Öksürük aralıklarıyla yattığım yerden doğrulmaya çalışırken suratıma inen bir bot topuğuyla yere geri düştüm. Parça parça siyah lekelerin engellediği görüşüm ağır ağır netleşirken başımı dayadığım zeminden üzerime eğilen kızıl saçlı kızı izledim.

-"Yaşayacaksın merak etme."

Ardından karnıma ikinci bir tekme daha atıp görüş açımdan kayboldu. Derin birkaç nefesten sonra dirseklerim üzerinde doğrulabildiğimde maskeliyi Amanda'yı sırtlamış odadan çıkarken gördüm. Manzaranın üzerine bu defa adrenalinin kararttığı gözlerimi yumup ağrılarıma aldırmadan ellerim üzerinde doğruldum. Nefes almakta zorluk çeksem bile kayda almayıp odanın kapısına atıldım.

-"Olduğun yerde kal."

Maskeli sırtında Amanda'yla bana döndü. "Belki de seni fazla şımarttım."

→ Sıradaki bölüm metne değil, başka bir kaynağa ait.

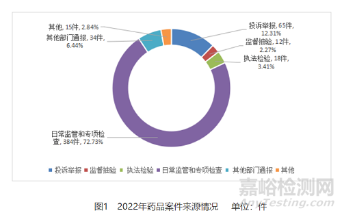 2022年來源于日常監(jiān)管和專項檢查的案件384件,占藥品案件總數(shù)的72.73%;來源于投訴舉報的案件65件,占總數(shù)的12.31%;來源于監(jiān)督抽驗的案件12件,占總數(shù)的2.27%;來源于執(zhí)法檢驗的案件18件,占總數(shù)的3.41%,來源于其他部門通報的案件34件,占總數(shù)的6.44%,來源于其他的案件15件,占總數(shù)的2.84%。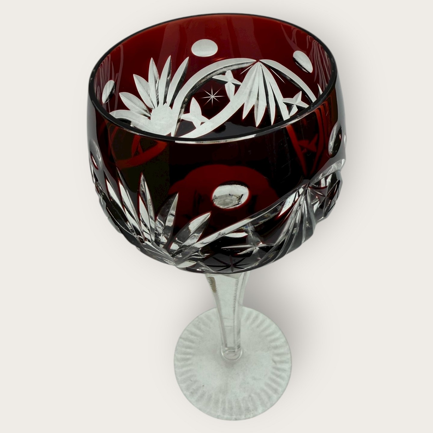 Bohemian crystal glass, Wine glass with cuts, Bordeaux, 19.5cm high, 8.5cm in diameter *Perfect condition*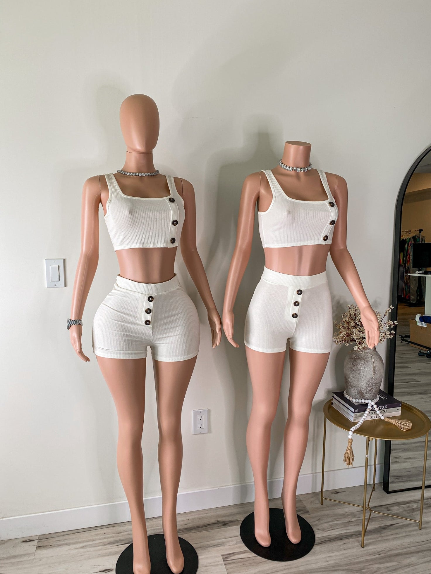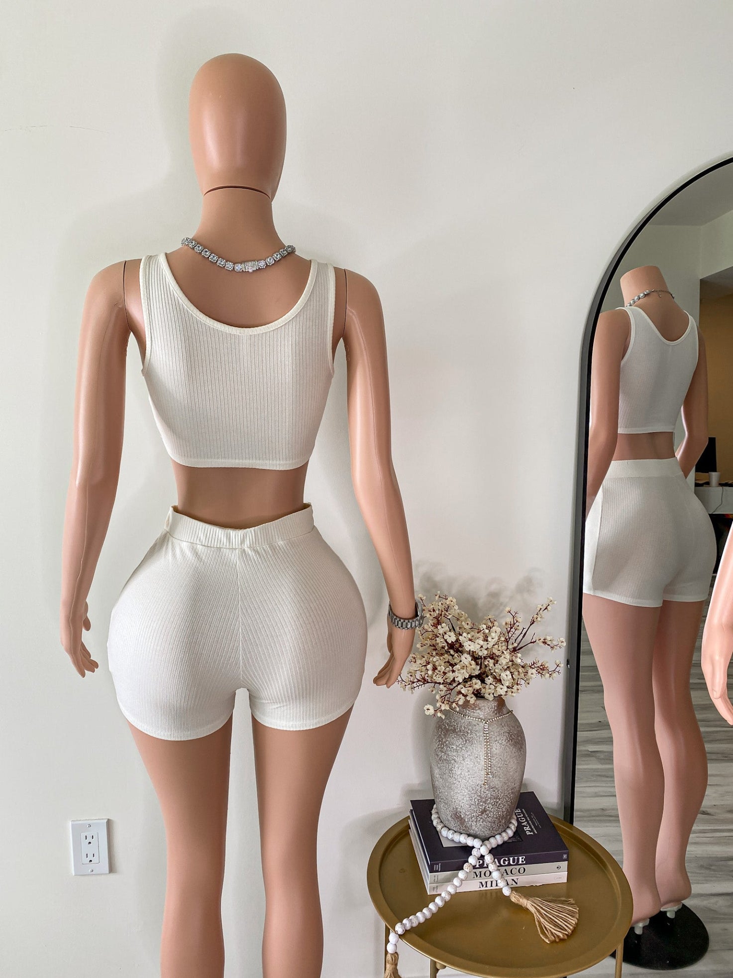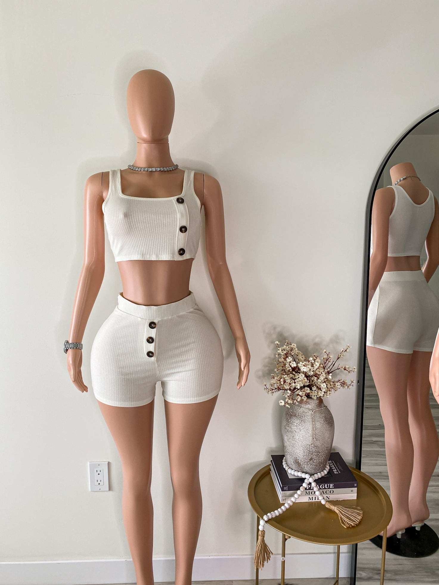 Minimal Intent – Ribbed Button Detail Lounge White Crop Top & High Waist Shorts Set

Şaşkın gözlerle bana bakan alkolün etkisindeki Amanda'yı yere oturtup ellerini kalçasının iki yanından sarkan kılıflara götürdü ve gözlerimin önünde iki siyah japon fan'ını - bildiğiniz yelpazenin büyük boy kumaş üzerine gerili beş bıçak kirişten oluşan öldürücü hali - açarak bana doğru fırladı. Teki beş keskin bıçaktan oluşan siyah fanlardan birini yüzüme sallayınca son anda geri yatıp darbeyi sıyırdım. Sol eliyle yaptığı hamle boşa kaçınca etrafında dönüp bu sefer sağ elindekini savurdu fakat bu sefer hızlı davranıp dirseğimle hamlesini engellerek sol yumruğumu karın boşluğuna gömdüm.

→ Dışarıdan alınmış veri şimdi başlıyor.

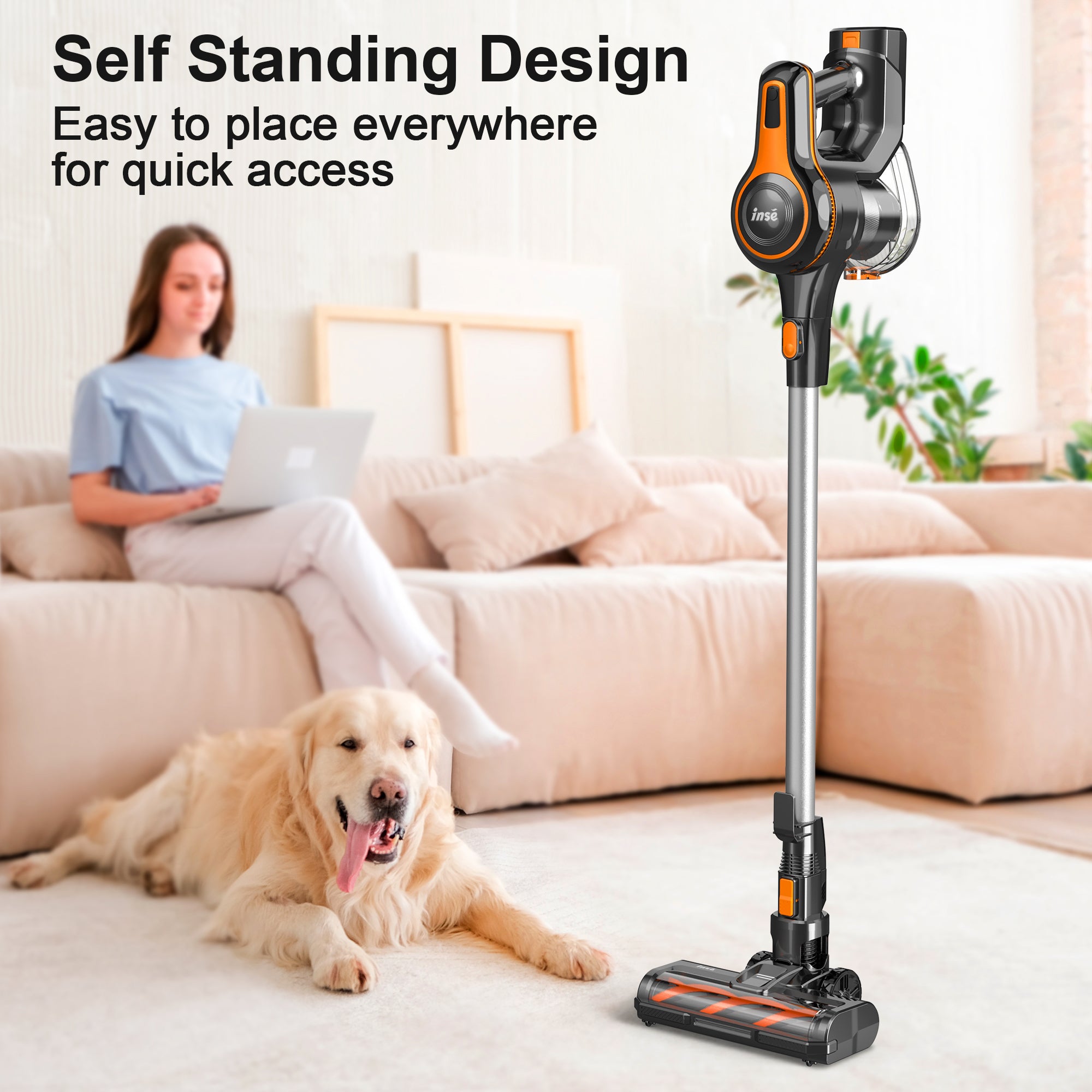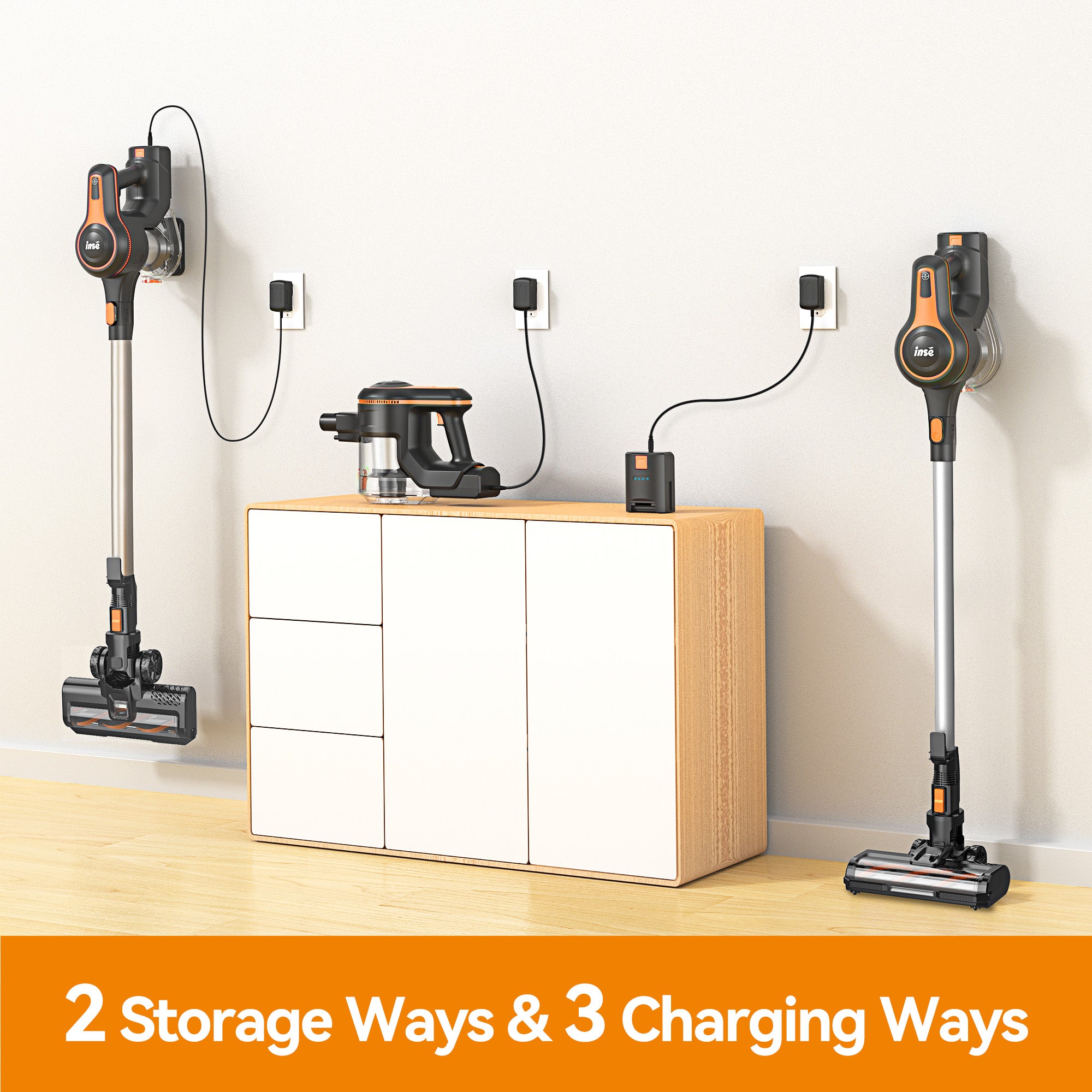 INSE Cordless Vacuum Cleaner features 40kPa powerful suction with 300W advanced digital motor.2500 mAh high-capacity battery provides 50mins long-lasting runtime.With A 5-stage cyclone filtration system, this Stick Vacuum Cordless Rechargeable could better keep the waste inside the bin, separate the dust and dirt from the air,and release fresh air out,a bonus for allergies. Comes with a brush attachment and a long crevice,INSE S620 Cordless Stick Vacuum can meet your various cleaning needs on the carpet, hard floor,rugs,cars,sofa,desk,drawer,cabinet,windows,curtain,and bookshelf,etc.And 8 LED lights of this Vacuum Cleaner illuminates every dark corner and helps to track dust.Self-standing design and compact wall-hanging design,which is effectively save space, and improve living comfort.The upgraded brush head,1.2L extra large dustbin and 5-stage cyclone filtration system make cleaning more efficient and convenient.

Daha önce hiç karşılaşmadığım bir şey oldu. Maskeli en azından bir dişi olarak karın boşluğuna yediği darbeyle bayılması gererekirken sadece birkaç adım gerileyip tekrar fanını suratıma savurdu. Bu sefer istediğini aldı da. Fanın suratıma değen kısmı keskin bir acıyla sızlayınca elimi yanağıma götürüp kandan yapış yapış olmuş deride gezdirdim.

-"Seni uyarmıştım."

Tekrar üzerime gelince sağ tekmemi kullandım. Aynı anda onun sol bacağı da bana çarpınca ikimiz de geri doğru savrulduk. Ben birkaç adım gerileyip dengemi sağlayabildim fakat o belini arkasındaki masaya çarpıp ve masayla beraber yere yuvarlandı. Onu yerde yatarken görünce, yüzümde engelleyemediğim bir sırıtışla kıza yaklaştım.

-"Ne o, yoksa beni fazla mı şımarttın?" Üzerine eğilip elimi maskesine sürttüm. "Gecemi cehenneme çeviren bu fahişe kimmiş bir bakalım?"

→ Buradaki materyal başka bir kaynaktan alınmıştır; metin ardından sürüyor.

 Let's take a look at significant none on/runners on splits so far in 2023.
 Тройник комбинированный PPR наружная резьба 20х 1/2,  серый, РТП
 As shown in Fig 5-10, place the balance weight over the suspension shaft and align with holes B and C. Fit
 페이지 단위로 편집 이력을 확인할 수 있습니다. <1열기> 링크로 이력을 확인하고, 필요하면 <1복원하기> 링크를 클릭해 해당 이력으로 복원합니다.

Elimin altındaki maskeyi kavradığımda kız engel olmak istercesine elimi geri itip başını çevirdi. Fakat pes etmeyip tam önüne çömelerek yüzünü kendime bakmaya zorladım. Gözleri hırsla parıldıyorlardı.

-"Hey!"

Arkamdan gelen telaşlı sesle beraber başımı açık ev kapısının önünde dikilen Max'e çevirdim. İrileşmiş gözleriyle ben, Amanda ve maskeli üçgeni arasında mekik dokuyordu. Birşeyler söylemek için ağzımı açacakken maskelinin yerdeki fanını kavrayıp bacağıma saplamasıyla kelimelerim boğazıma dolandı. Hemen ardından yüzüme yediğim yumrukla başımı sertçe duvara çarptım. Ardından yapabildiğim tek şey acıdan dolayı sıktığım dişlerimle kadının gözden kaybolmasını izlemek oldu.